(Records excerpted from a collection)
-------

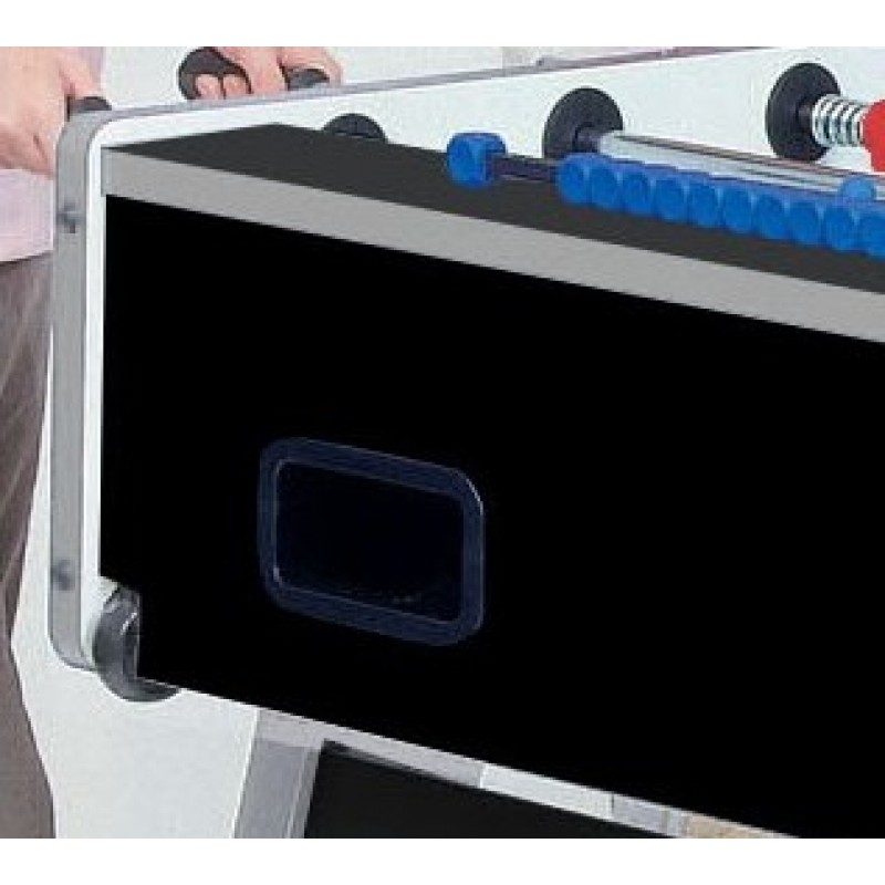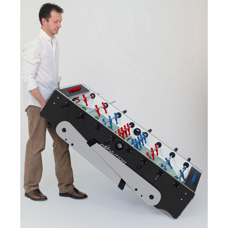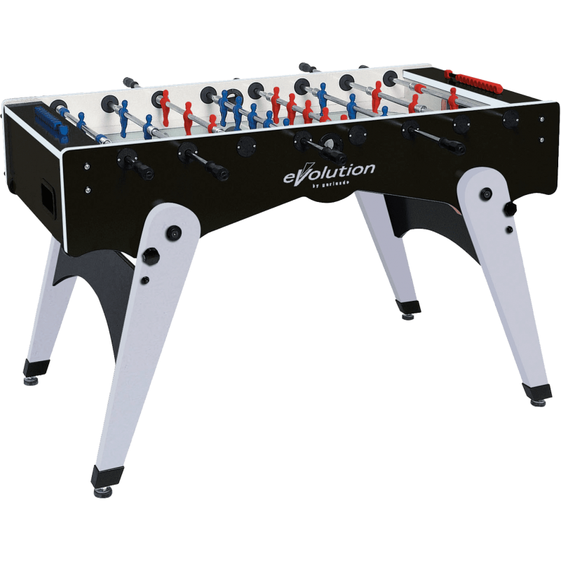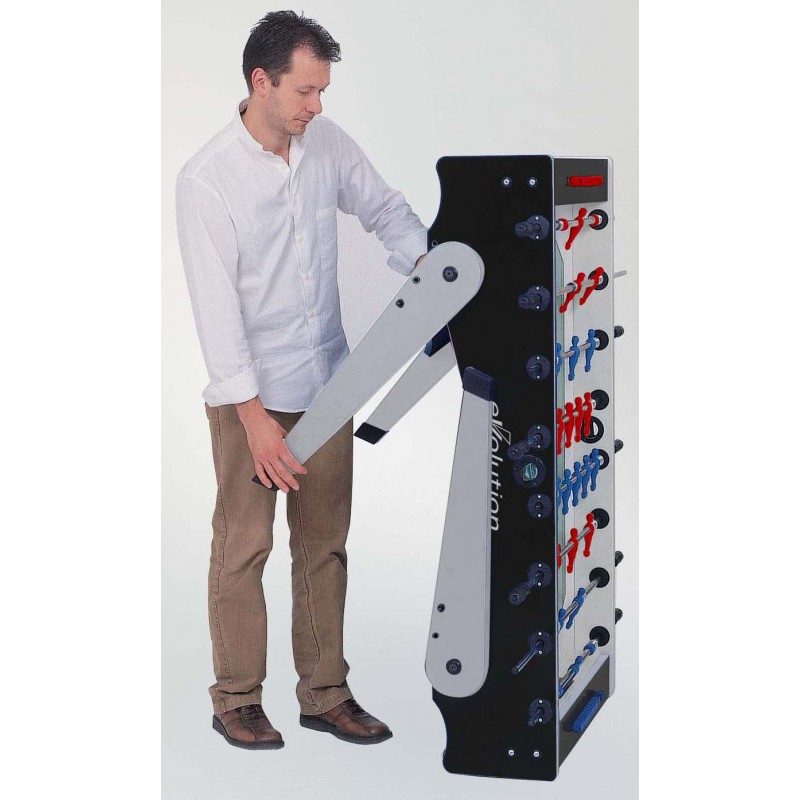 Настільний футбол Garlando Foldy Evolution Telescopic (FOLDYNERLVS) зі складаними ніжками для компактного зберігання - ідеальний варіант для невеликого приміщення. Міцна конструкція стола має елегантне поєднання чорного та сріблястого кольорів, натхненного стилем хай-тек. Модель виготовлена безпосередньо в Італії з високоякісних матеріалів, що забезпечують довговічність і задоволення від гри, з урахуванням конкретних вимог, яким повинен відповідати футбольний стіл. Цей стіл характеризується надійністю та стійкістю, що робить його придатним для гри в будь-якому місці: від дому до офісу та бару. Настільний футбол Garlando Foldy Evolution Telescopic (FOLDYNERLVS) відповідає європейським стандартам безпеки EN 71-1, 71-2, 71-3 та 71-9.
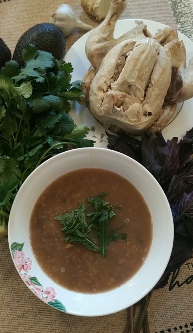 – "суп" – на дно глубокой тарелки, руками рвем зелень мяты, зеленого базилика и кинзы и наливаем бульон (кипяток),
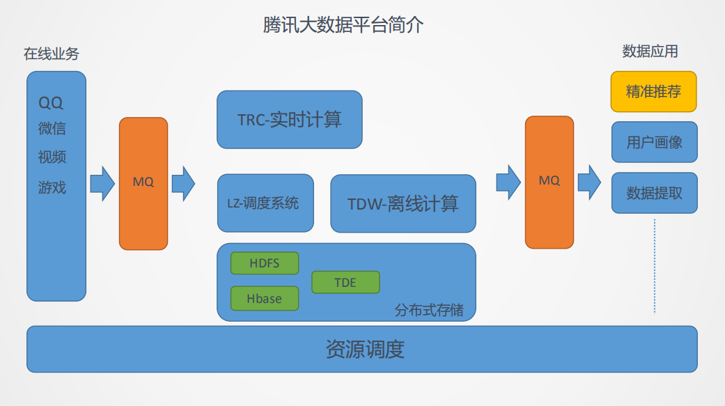 腾讯大数据示意图,如图8所示,在线业务的数据如微信游戏等会通过消息中间件实时地传递到中台系统,中台系统包括实时计算、离线计算、调度系统和分布式存储,这些数据有的会进行实时计算有的会进行离线计算,数据的应用也是从消息中间件中获取其需要的数据。
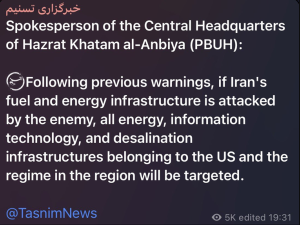 “Ako neprijatelj napadne iransku naftnu i energetsku infrastrukturu, meta će biti sva energetska, informacijska i infrastruktura za desalinizaciju koja pripada Sjedinjenim Državama i režimu u regiji”, rekao je glasnogovornik Khatam al-Anbiya.
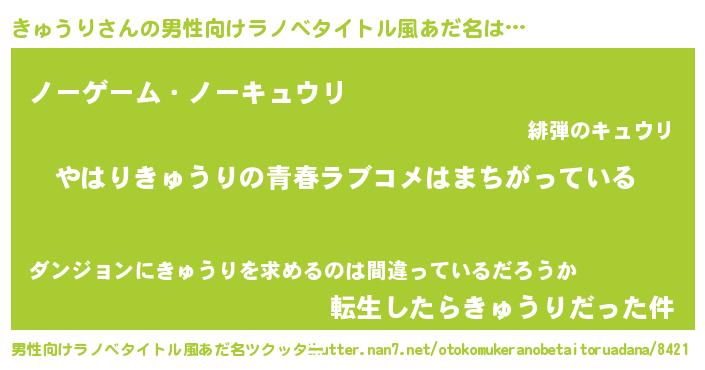 | 女子向けラノベタイトル風あだ名 | 『きゅうり伯爵の花嫁』『きゅうり恋絵巻』 |
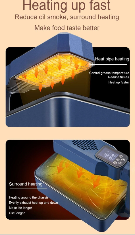 Control the temperature of grease, reduce oil fume, heat light far infrared heating, and heat up faster.
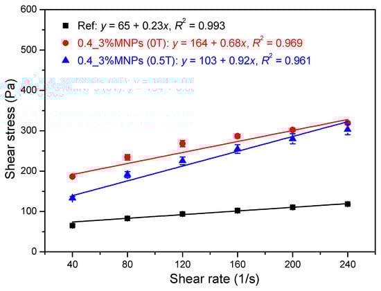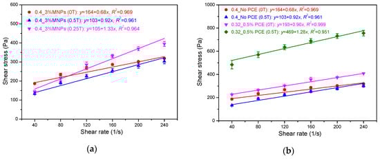 Rheological properties, with yield stress and plastic viscosity as two intrinsic physical parameters [16], are of great importance in describing flowability and workability, evaluating pumpability, and predicting formwork filling of cement-based materials. Wallevik et al. [17,18] stated that the rheograph of yield stress against plastic viscosity can be used to optimize the rheological properties of fresh concrete. Kwon et al. [19] illustrated that the rheological properties of the lubrication layer can be used to predict the flow rate of pumped concrete. Roussel et at. [19,20] pointed out that the numerical simulation of non-Newtonian fluids considering various rheological parameters was a valuable approach to determine the minimum flowability guaranteeing adequate formwork filling and acceptable stability. Moreover, the rheological properties can be used to optimize the flowability of 3D printing concrete, achieving a balance between pumpability, extrudability, and buildability [21,22]. Accordingly, active control of rheological properties is beneficial to advancing the casting technique of fresh concrete. In the case of MR fluids under an external magnetic field, the plastic viscosity can increase about 105–106 times and the field-induced yield stress increases to 100 kPa [9]. Furthermore, the shear stress of MR fluids generally shows a plateau behavior at relatively low shear rates, while at higher shear rates, the shear stress gradually increases with increasing shear rate [23,24,25] due to the equilibrium between the structural breakdown and the build-up of chain structures. For the flowing cementitious materials containing magnetic nanoparticles, however, the rheological behavior under external magnetic field is still not fully understood.

-------

* _Exercise prompt_:
From the records above, write out exactly the lines that begin at the line with "glasnogovornik Khatam al-Anbiya." and end at the line with "女子向けラノベタイトル風あだ名 | 『きゅうり伯爵の花嫁』『きゅうり恋絵巻』 |". Pictures must not appear in the output.

* _Task response_:
 “Ako neprijatelj napadne iransku naftnu i energetsku infrastrukturu, meta će biti sva energetska, informacijska i infrastruktura za desalinizaciju koja pripada Sjedinjenim Državama i režimu u regiji”, rekao je glasnogovornik Khatam al-Anbiya.
 | 女子向けラノベタイトル風あだ名 | 『きゅうり伯爵の花嫁』『きゅうり恋絵巻』 |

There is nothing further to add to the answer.